**EXERCISE DETAILS**
Stop at the line containing "Chokoladeboller, en opskrift": write out every line from the beginning of the entries up to and including it, minus the pictures.

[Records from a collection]

*** Begin section ***

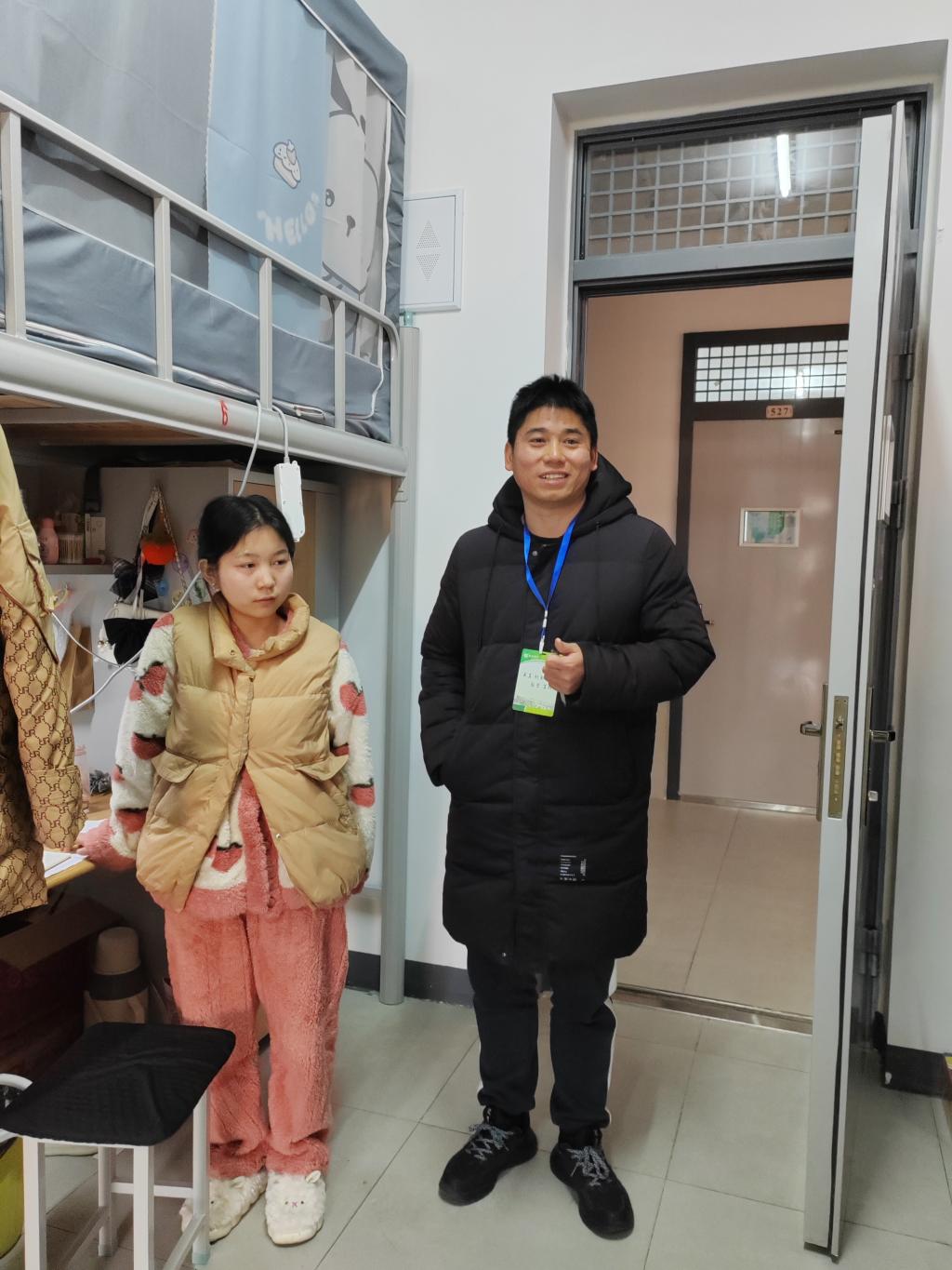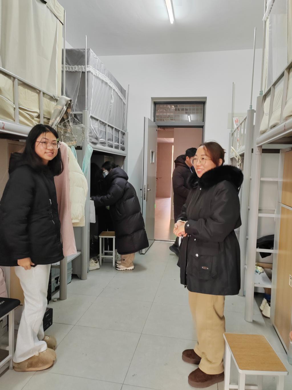 走访期间,田媛与同学们亲切交谈,详细询问了同学们的期末备考情况,叮嘱同学们一要注意宿舍用电安全,离寝务必断电;二寒冬里要注意保暖,作息要规律,饮食不贪凉;三要合理安排时间,诚信应考。希望同学们都能取得理想成绩,度过一个安全快乐的假期。同时,老师们重点对宿舍卫生、设施运行、安全隐患等情况进行全面排查,针对学生提出的诉求与问题进行了详细登记与反馈,针对发现的问题及时要求学生整改,做好安全教育。
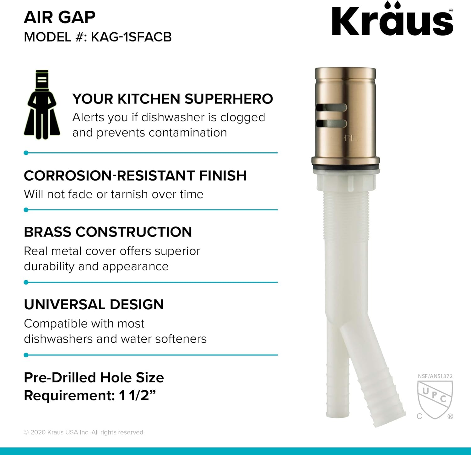 - AIR GAP KIT includes durable ABS plastic body and solid brass cover for a lifetime of reliable performance – SOLID BRASS COVER offers superior durability and a high-end appearance
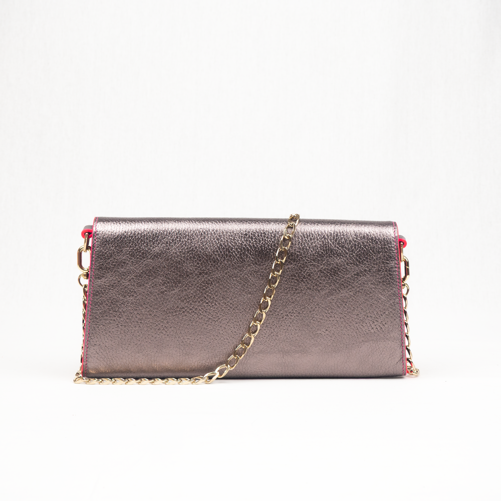 Simone was Britt’s cherished grandmother, known for her love of celebrations and genuine care for others. Created in her memory after her passing in Spring 2015, this clutch honors her warm spirit. Ideal for events, special occasions, or a stylish day in the city, it can be carried as a clutch or worn gracefully with its elegant oval-shaped chain.
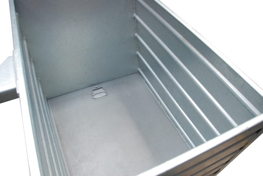 Unsere Späne-Stapelkipper der Serie BSS verzinkt für eine robuste Beanspruchung sind gefüllt 3-fach stapelbar. Sie verfügen über einen glatten Boden (3 mm ungesickt), einem Ablasshahn 1" an der Schüttwand und sind öl- und wasserdicht verschweißt. Das Auskippen erfolgt über eine Traverse (siehe Zubehör) per Seilzug ganz bequem vom Staplersitz aus.
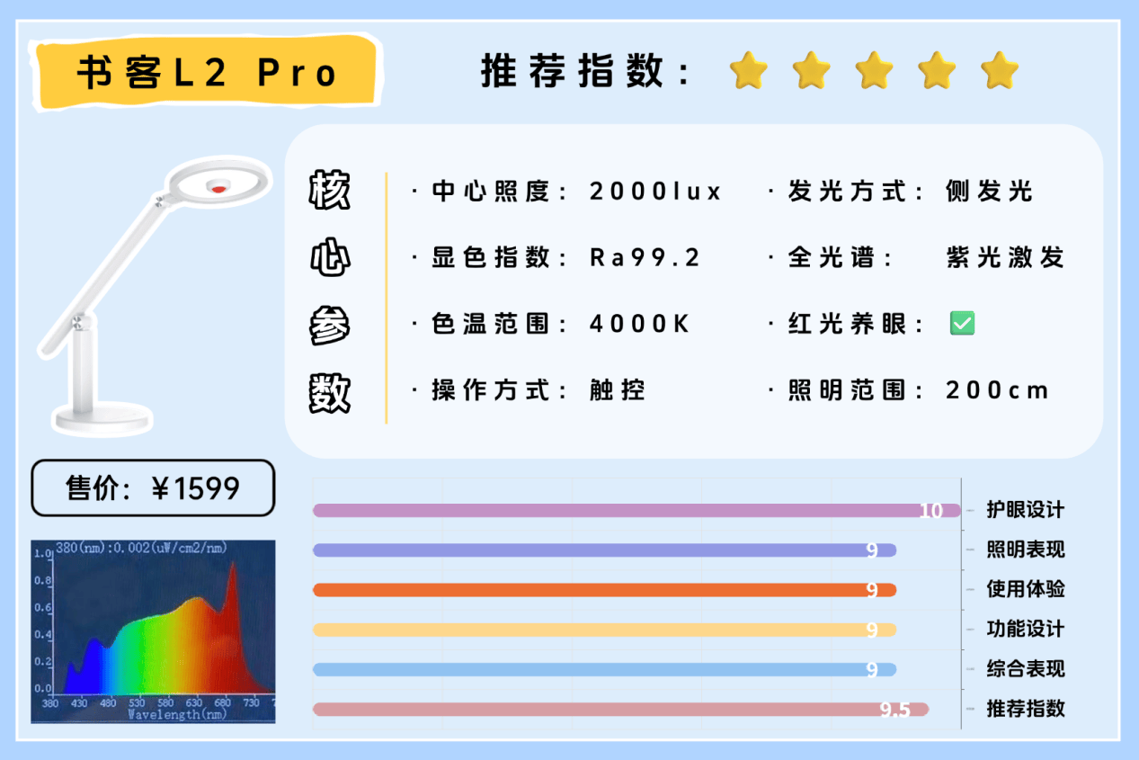 l 在核心的护眼养眼方面,书客创新地研发了RRT2.0红光养眼技术和紫光激发全光谱技术,精准过滤400-455nm有害蓝光,将蓝光峰值降低至0.4同时增强有益红光,可延缓用眼疲劳,降低96%近视风险。
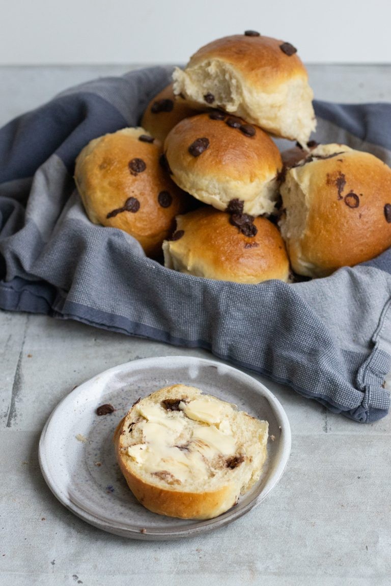 Chokoladeboller, en opskrift på hjemmebagte søde boller med chokolade i. Helt perfekte med et tykt lag smør på. Min chokoladeboller opskrift giver en blød bolle med en let skorpe uden på, så de er dejlig sprøde. Det er nemlig sådan jeg selv foretrækker boller. De er nemme at lave og så er de ret hurtige, da de ikke har voldsom lang hævetid. Du kan også skippe anden hævning for at gøre bageprocessen endnu hurtigere.
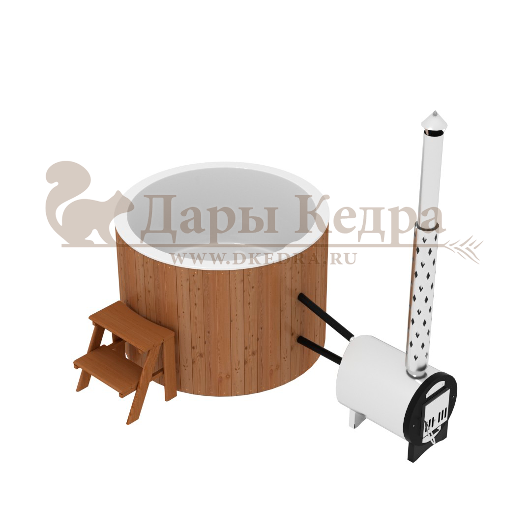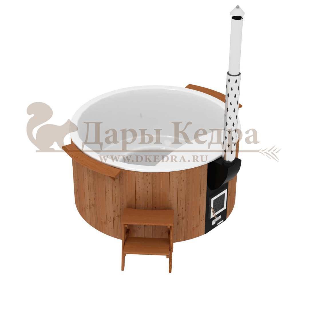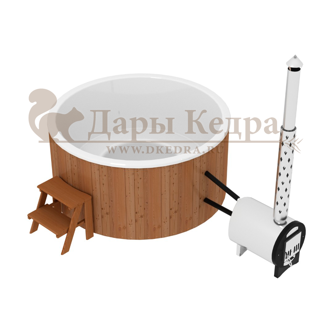• Фурако круглая из кедра с литой термопластиковой вставкой с внешней печью Это уличная подогреваемая купель с круглой внутренней чашей из термопластика, которая имеет цельную форму вместе с сиденьями и дном. Для удобства пользования купель фурако оборудована приставной лестницей. Подогрев воды осуществляется за счет внешней печи с дымоходом. Термопластик устойчив к воздействию температур, облегчает уход за фурако и увеличивает срок ее службы. Парение на свежем воздухе – это отличный способ укрепить здоровье и поддержать организм в тонусе.
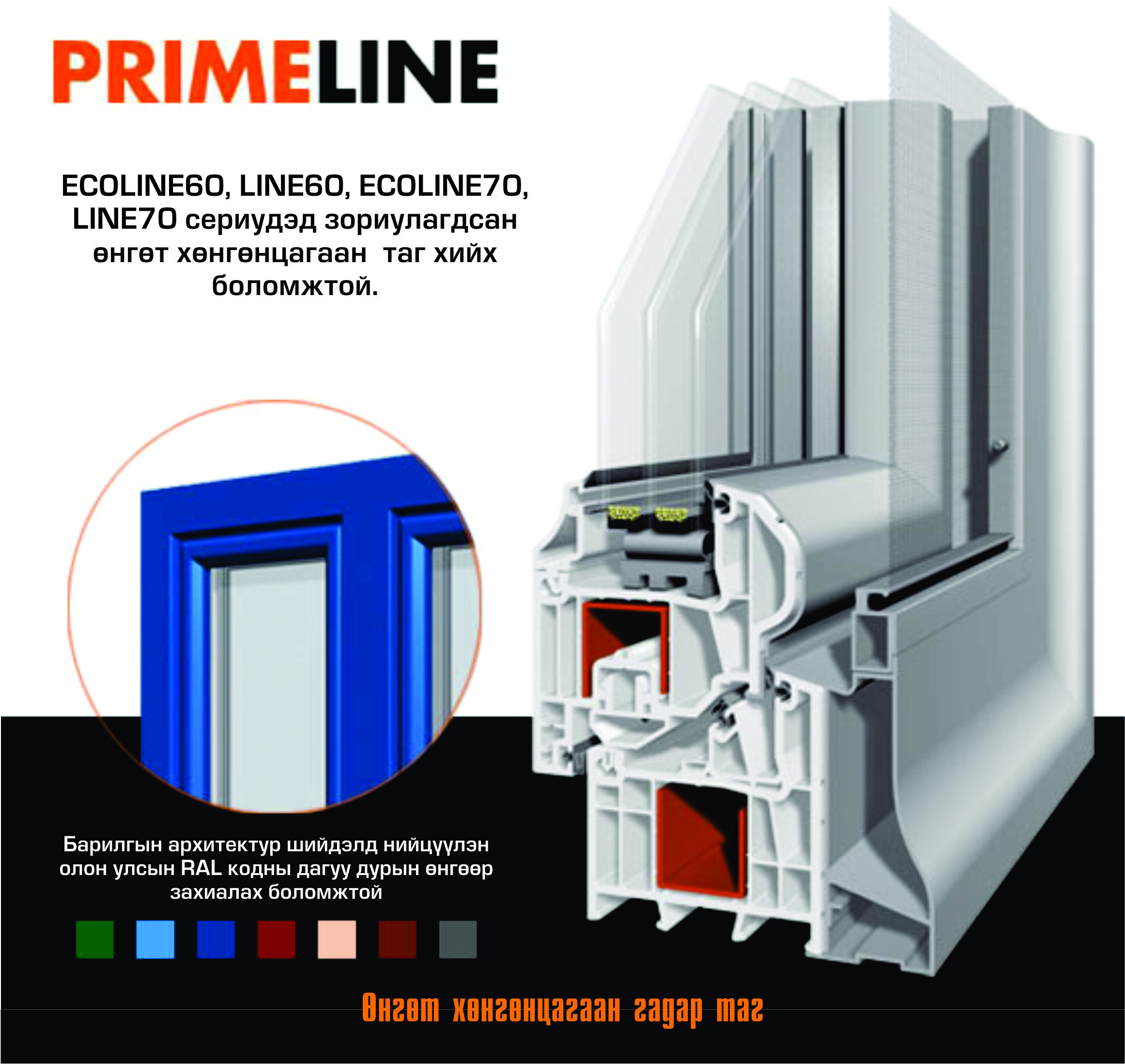 Бид Schonline брендийн Line 70 системийн хуванцар цонх хаалгыг үйлдвэрлэж байна. Line 70 нь 5 камертай, 70 мм-н зузаантай систем юм. Schonline системийн хуванцар цонх хаалга нь ижил төрлийн бүтээгдэхүүнүүдээс өвөрмөц дизайны шийдэл болон эстетик шинж чанаруудаараа ялгарахаас гадна жинхэнэ австри текнологид суурилсан өндөр чанараар эрс ялгарна.
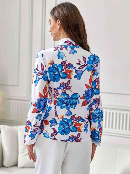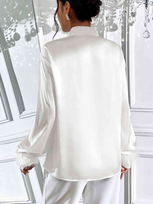 Double Take Lapel Collar Buttoned Puff Sleeve Shirt

*** End section ***

**ANSWER FOR THIS EXERCISE**
 走访期间,田媛与同学们亲切交谈,详细询问了同学们的期末备考情况,叮嘱同学们一要注意宿舍用电安全,离寝务必断电;二寒冬里要注意保暖,作息要规律,饮食不贪凉;三要合理安排时间,诚信应考。希望同学们都能取得理想成绩,度过一个安全快乐的假期。同时,老师们重点对宿舍卫生、设施运行、安全隐患等情况进行全面排查,针对学生提出的诉求与问题进行了详细登记与反馈,针对发现的问题及时要求学生整改,做好安全教育。
 - AIR GAP KIT includes durable ABS plastic body and solid brass cover for a lifetime of reliable performance – SOLID BRASS COVER offers superior durability and a high-end appearance
 Simone was Britt’s cherished grandmother, known for her love of celebrations and genuine care for others. Created in her memory after her passing in Spring 2015, this clutch honors her warm spirit. Ideal for events, special occasions, or a stylish day in the city, it can be carried as a clutch or worn gracefully with its elegant oval-shaped chain.
 Unsere Späne-Stapelkipper der Serie BSS verzinkt für eine robuste Beanspruchung sind gefüllt 3-fach stapelbar. Sie verfügen über einen glatten Boden (3 mm ungesickt), einem Ablasshahn 1" an der Schüttwand und sind öl- und wasserdicht verschweißt. Das Auskippen erfolgt über eine Traverse (siehe Zubehör) per Seilzug ganz bequem vom Staplersitz aus.
 l 在核心的护眼养眼方面,书客创新地研发了RRT2.0红光养眼技术和紫光激发全光谱技术,精准过滤400-455nm有害蓝光,将蓝光峰值降低至0.4同时增强有益红光,可延缓用眼疲劳,降低96%近视风险。
 Chokoladeboller, en opskrift på hjemmebagte søde boller med chokolade i. Helt perfekte med et tykt lag smør på. Min chokoladeboller opskrift giver en blød bolle med en let skorpe uden på, så de er dejlig sprøde. Det er nemlig sådan jeg selv foretrækker boller. De er nemme at lave og så er de ret hurtige, da de ikke har voldsom lang hævetid. Du kan også skippe anden hævning for at gøre bageprocessen endnu hurtigere.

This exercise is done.